I am currently a Principal Data Scientist at Fidelity Investments, working on speech and text data to design a conversational AI technology. Previously, I was a Speech Research Scientist in 3M/M*Modal, where I was part of the research and development group for speech enhancement and recognition for medical applications. Before that I was a Postdoctoral Associate in the Department of Electrical and Computer Engineering (ECE) at Duke University, where I was working with Prof. Vahid Tarokh. I obtained my Ph.D. degree in Electrical and Computer Engineering (ECE) from Iowa State University (ISU) under the supervision of Dr. Chinmay Hegde.

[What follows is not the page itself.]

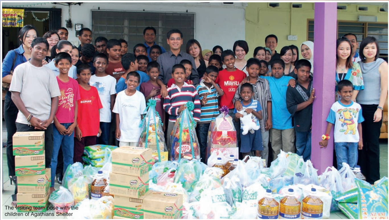
The visiting team pose with the children of Agathians Shelter

Kota Permai brings spark of hope to Agathians' children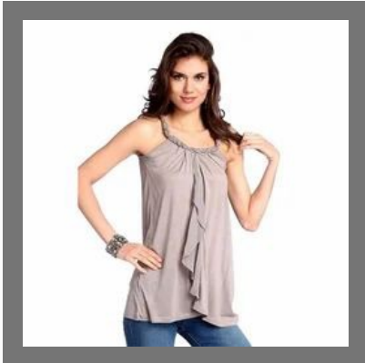
Casual Western Dresses

My research interests lie in the intersection of machine/deep learning, statistics, signal processing, and computational mathematics. In my postdoc, I was working on different projects, including deep neural network compression, neural architecture search, few-shot learning, time series analysis, inverse problems in designing meta-materials, radar signal processing, speech recognition, and audio processing. As reflected in my CV, I have established an interdisciplinary research approach in fields ranging from optimization theory to machine/deep learning, and statistics. I am also interested in applying machine/deep learning algorithms in speech recognition and understanding, natural language processing, computer vision, and other disciplines.

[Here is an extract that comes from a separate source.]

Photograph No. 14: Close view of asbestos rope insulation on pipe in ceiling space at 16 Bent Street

In my Ph.D. thesis, I have accomplished various projects, including sparse signal approximation and compressive sensing, analyzing inverse problems such as image denoising and nonlinear demixing of the structured signals, learning latent variables in probabilistic graphical models, and theoretical understanding of neural networks. In all these projects, the main focus was on developing fast and computationally efficient algorithms. As a result of my research, I could publish several papers in various journals, conferences, and workshops. Also, during my internship at Technicolor AI Research Lab, I have worked on different projects in deep learning, including Generative Adversarial Networks (GANs) for solving inverse problems in image processing, designing efficient defense mechanisms against adversarial attacks in adversarial machine learning, and speeding up deep learning computations in the pre-trained models for real-time applications such as object detection in videos.

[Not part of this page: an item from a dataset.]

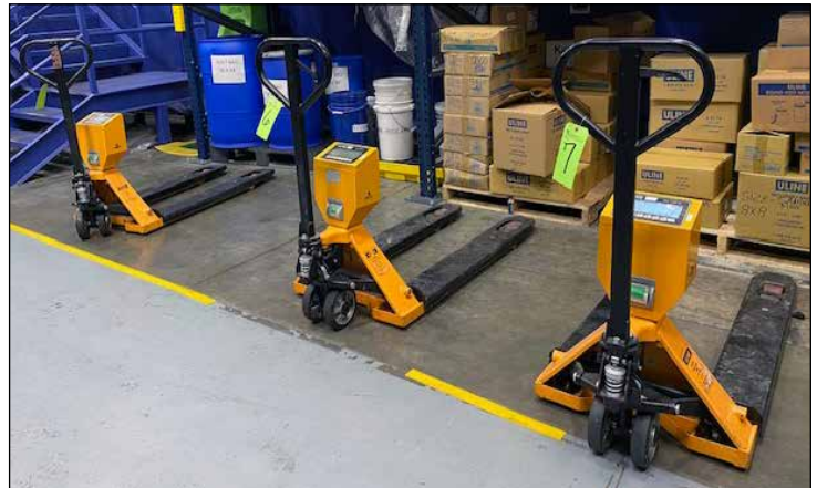
U-Line 5,000lb. Pallet Trucks w/Printers

(3) U-Line 4-Step Portable Ladders Just Rite Acid & Corrosive Storage Cabinet (5) Hoover Ferguson SS Totes Advance SC6000 EcoFlex Floor Scrubbers, S/N 3510204500250 (4) U-Line 5,000lb. Mod. H-4564 Pallet Truck Scales, w/Printers (2) U-Line H-3685 Flammable Liquid Storage Cabinets U-Line Mod. H-8462, 4,000lb. Hyd. Floor Crane Morse Mod. 400A-72, 800lb. Drum Lift, S/N 1221-001 Big Joe WPT-45-S Electric Pallet Jack Vestil 550lb. Mod. DRUMLFT-DCR, Drum Lift, w/62" Lift Height, S/N 210490 (5) Hyd. Pallet Jacks Huskey Twin-Stage Vertical Air Compressor (3) Defender Digital Scales (2) Clean Air Products Mod. AP-577F, Portable Clean Rooms 2024 Tirelli Mod. C1P10, Washing Machine, S/N M05413 Phoenix Mod. PLP Pallet Wrapper, S/N 22056498

In addition to doing research, I have a great hands-on experiences in training, debuggig, testing, visualizing, and deploying machine learning models, and I have worked with many different technology, including but not limited to Python, Numpy, Pandas, Streamlit, PyTorch, PyTroch Lightning, Hugging Face, AWS, Sagemaker, Athena, Docker, Bash/Linux, SQL, Git, and Latex. Moreover, I have a valuable experience in mentoring both undergrad and grad students for their class projects and Master/Ph.D. thesis. I have also taught a variety of courses. In particular, I am teaching a machine learning course as a AI mentor program in Fidelity. During my postdoc at Duke, I was also an instructor for the Multivariable Calculus course in the Department of Mathematics and the head TA for courses such as Signal and Systems, and Advanced/Introductory course in Deep Learning in the ECE Department. Moreover, in my graduate studies, I have served as a teaching assistant for courses such as Signal and Systems, Deep Learning, and Electrical/Electronics Circuits.